The script here is not unfamiliar. Child abuse is frequently alleged and sometimes proved, especially in small family situations. Child abuse allegations in institutional settings, often on the basis of 'recovered memory' under prompting, fed by psychiatrists and therapists, by counsellors and women's groups, are one of America's growth industries.
The CSD moved against the Nasons. In April 1991 the CSD and police made an unannounced raid on the Nasons' home in search of the alleged cattle prod. They failed to find it, nor did they discover any other cases of gross neglect.

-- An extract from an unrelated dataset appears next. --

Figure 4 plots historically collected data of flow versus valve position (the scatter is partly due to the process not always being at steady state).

But the Nasons had, by then, begun to realise how overstretched they had become. By the summer, after their reconciliation, they agreed to stop adopting, and - a worse psychological blow - they were compelled to close their school, which had been the focus of their family. The reason seems to have been primarily financial. But without the school, without money, with the state beginning to look in on them and the Sisters community turning against them, the Nasons started 'downsizing' their family; within the year they had managed to place 50 of their children with new adoptive parents or guardians.

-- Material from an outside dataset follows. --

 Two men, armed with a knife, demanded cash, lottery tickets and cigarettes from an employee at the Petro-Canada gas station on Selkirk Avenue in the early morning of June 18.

Weary of battle with the state authorities, the Nasons moved briefly north to Toutle, Washington; not long after, they left for Canada, only to return to Sisters six days later to face a new legal challenge from the state authorities, which in January 1992 took custody of their remaining 12 children. The Nasons offered to give up eight if the court would allow them to keep their biological children; the CSD refused, and after a bitter court battle, in a settlement that remains secret, they were granted custody of the latter.
In November, after months of Grand Jury hearings and two years of investigation by the CSD, they were indicted. As the Nasons proclaim their innocence and persecution by the CSD, the community is evenly split. On the charges of manslaughter, no one is more adamant on the Nasons' behalf than the paediatrician who looked after their family: 'I have watched Diane Nason take care of sick kids for 30 years,' said Dr William Miller, 'and she followed every directive.' One of their daughters, Katie, now at Stanford Medical School, is equally firm: the prosecutors 'will lose if they try to charge my parents with a crime'.

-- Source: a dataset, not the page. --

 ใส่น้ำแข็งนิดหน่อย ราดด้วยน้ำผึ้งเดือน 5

Other Nason children allege CSD persecution: the charges, many of them say, are false accusations made by children sent away when the family temporarily broke up in 1990. 'They've always been out to get us,' said one daughter, while another says: 'Most of these kids were abused before they ever set foot in our house, and now they just want to get their anger out.'
The chief prosecution witness is to be an adopted girl, now in her twenties, who in her own words remembered, with the help of a therapist, events of a decade before which, up to then, had been just 'vague, disturbing images'. This woman also accused her subsequent guardian of sexual abuse, including four counts of 'inappropriate touching', and later a charge of rape. The charges were dropped.
Meanwhile, in Sisters, awaiting a trial that will start next summer and will probably last six months, are two people who set out to do Christian good to children who had suffered everything from severe petrol burns in Vietnam to cerebral palsy, to the unwanted of the world. Only a few in Sisters will still talk to them. No one claims the Nasons were perfect parents, or that discipline for so many children, most of them incapacitated, was not strict; but the lesson would seem to be that in late 20th-century America, charity does not pay.